We’ve all had that moment – you look in your bank account and there isn’t nearly as much money in there as you thought, and pay day is still an alarming amount of time away. However, our research with King’s College London suggests that people’s misperceptions about their personal finances go way beyond the occasional ill-advised spending spree. We are routinely underestimating the costs of big life events like having children and retiring – something that could seriously affect our ability to prepare for them and, in turn, affect what we have in our back pockets each month.

While we know our little darlings are expensive, we massively underestimate the cost of raising a family; the average guess at what it costs to raise a child to the age of 21 is £50,000. The actual cost has been calculated as being four times this much. This isn’t inexperience either; the average guess among those with children at home is £40,000, suggesting that the Bank of Mum and Dad will need a hefty overdraft facility.


What’s strange about our underestimation here is that we assume certain costs associated with raising a child, like childcare, are more than they actually are: people think that the average cost for 25 hours of nursery care for a child under two is £200 per week, when the actual figure is nearly half that.

Fast forwarding through to later life, we also hugely underestimate what we need to put into a pension. People think they only need to save £124,000 in a private pension in order to get a total income of £25,000 a year in retirement (the average among current pensioners), assuming they also claim the full state pension. Pension calculators, however, suggest that the true figure is more than twice this, at over £300,000. With such a shortfall between what we assume we need to pay in and what is actually required, parents may have to hope that their costly children start to pay back what was spent on them sooner, rather than later.


People also hold a number of misperceptions about what is going on in society and the economy more broadly.
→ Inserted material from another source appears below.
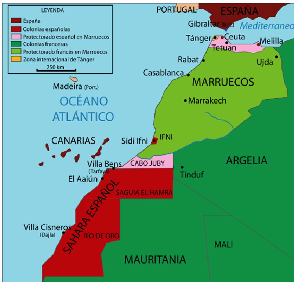
Mapa č. 1. Španělská území v severní Africe 1934-56

For instance, the public think that there are many more people in the UK earning high salaries than there actually are; the public think that 10% of the UK earn more than £150,000 a year when in reality just 1% do. But we fail to comprehend the contribution that this small proportion of the population make to the overall tax take; when asked what percentage of income tax paid comes from this 1%, on average we think they pay in 10% of all income tax, when in fact, this 1% contribute 28%.


On top of this, many of us are confused about what has happened to the economy and, in particular, the national deficit and debt since 2010; 42% correctly identify that the deficit has decreased, but 32% think it has increased and 26% don’t know.  Half of us (47%) correctly identify that the government debt has gone up, but 28% think it has decreased and 25% don’t know.  Our accuracy on this is, as you might expect, related to our political attachment. Conservative voters are more likely to believe that both the deficit and the debt have gone down (64% and 45% respectively). In contrast, only 35% of Labour voters think the deficit has reduced and only 22% that the national debt has gone down. Perhaps our confusion isn’t that surprising – when the Prime Minister is taken to task by the Chair of the UK Statistics Authority for confusing the debt and the deficit, what hope is there for the rest of us? Our misperceptions here matter; as Britain headed to the polls on May 7th, the number one factor influencing how people voted was the economy – yet many lacked a clear understanding of what was actually happening to it.

Of course, we get some things right; when it comes to both the average full time salary and the average house price we’re pretty much spot on – perhaps a feature of media reporting on both these issues. But when it comes to many important financial issues, we’re not really on the money at all!